Ok, my brute force program has come to the end of its usefulness. The case n=14 took 50 minutes to run and rolled into the 64 bit integer domain. Time to exercise more of the gray matter on the problem.

[CODE]
[SPOILER]
-- ----------------------- --------------- ------------------------------
n P(S) Simplified Decimal
-- ----------------------- --------------- ------------------------------
2 1/2 1/2 0.5000000000000000000000000000
4 12/24 1/2 0.5000000000000000000000000000
6 440/720 11/18 0.6111111111111111111111111111
8 23688/40320 47/80 0.5875000000000000000000000000
10 2223936/3628800 429/700 0.6128571428571428571428571429
12 293639808/479001600 9931/16200 0.6130246913580246913580246914
14 53925490944/87178291200 1800397/2910600 0.6185655878513021370164227307
-- ----------------------- --------------- ------------------------------
[/SPOILER]
[/CODE]

[spoiler]Purely based upon inspection of the numbers posted by tmorrow above, I would hazard a guess of the Golden Ratio Conjugate.[/spoiler]

[SPOILER]Nice one Retina, (sqrt(5)-1)/2 = 0.6180339887498948482045868344... might be the limit (if it exists). Now to work out why it might be so.[/SPOILER]

Isn't the limit Exact?

[quote=davar55;179629]Isn't the limit Exact?[/quote]

Let me rephrase that -- can someone program the next several data
points to ensure that this is in fact approaching the Golden Ratio as
a limit, as a prelude to trying to actually prove this? I thnk it would
be an interesting result if true.

What, by the way, is the value of the Golden ratio, to fifty decimals?

If these two numbers match for fifty decimal digits, don't you think
that they are equal in the limit?

How do you count?
 

[FONT=Tahoma]There is some ambiguity in the original posing of this question.
It would appear that everyone posting answers has made the same assumption :-

For each of the possible n! combinations, start summing the numbers. As soon as you find a multiple of n, count 1, stop.

This effectively assumes that all the balls are drawn before the n possible sums of each drawing are examined, and this only constitutes a single case. A completely reasonable interpretation of the problem.
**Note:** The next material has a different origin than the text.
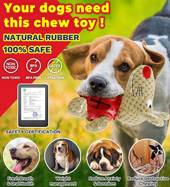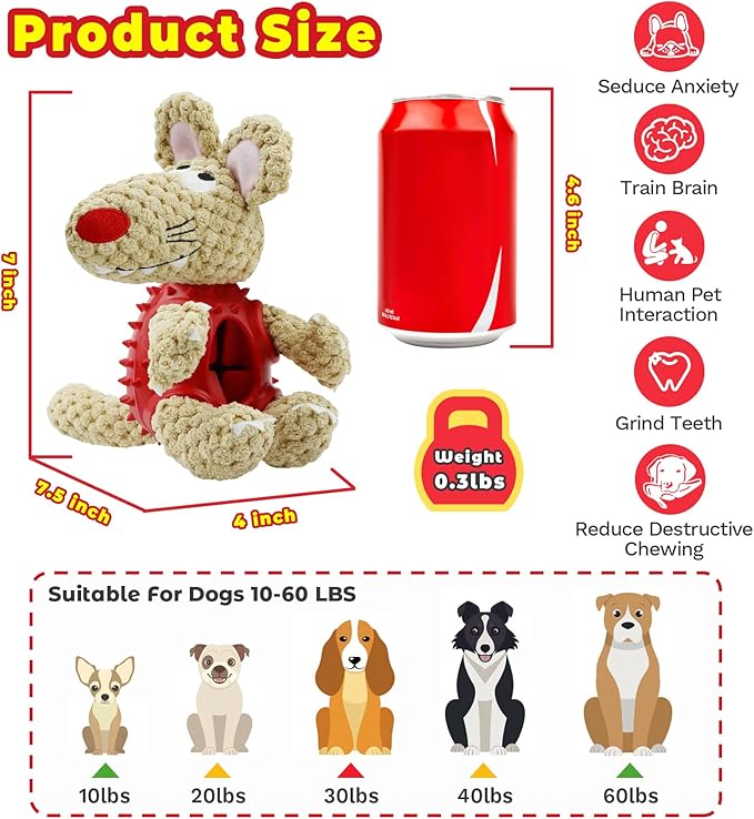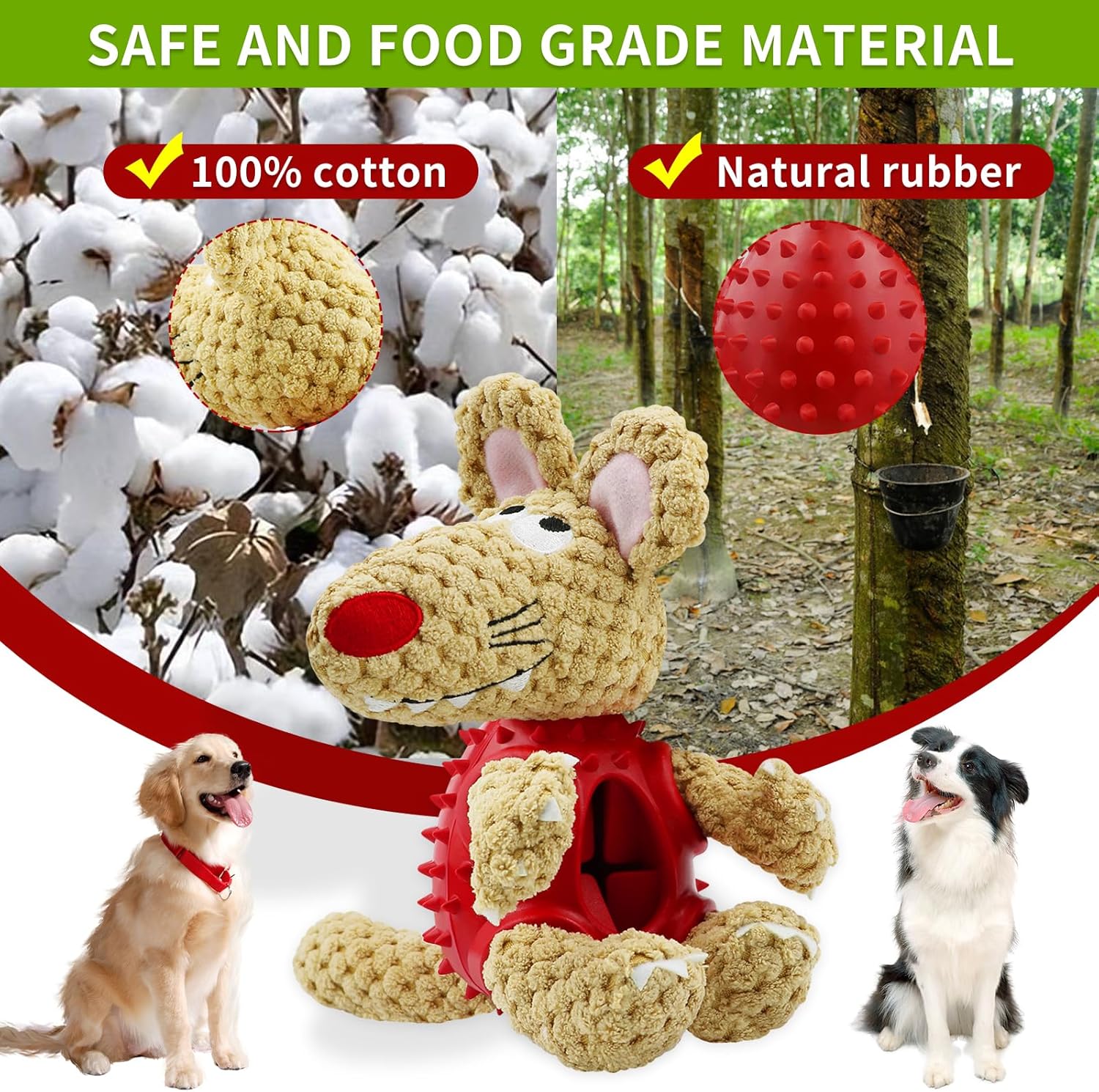 This plush dog toy is made of natural cotton and rubber, prioritizing your pet's safety. Its thick short plush material, reinforced stitching, and chew-resistant natural rubber ensure durability. This sturdy squeaky dog toy is an engaging birthday gift for puppies and small to medium-sized dogs.

However, consider for example, the case of n=4. At some point we come to 1,3,4,2
1 = NO
1,3 = YES
1,3,4 = YES
1,3,4,2 = NO
So one drawing, two instances of divisibility by n.
Or is that to be considered as 4 separate drawings (nowhere does it state that all the balls are drawn)?
That is, you check after each ball is drawn and increment the count appropriately. In which case there are 64 possibilities, of which only 9 sums are divisible by 4 (the ones listed by [B]starrynyte[/B])
[/FONT][FONT=Tahoma]Just another way of looking at the same problem.[/FONT]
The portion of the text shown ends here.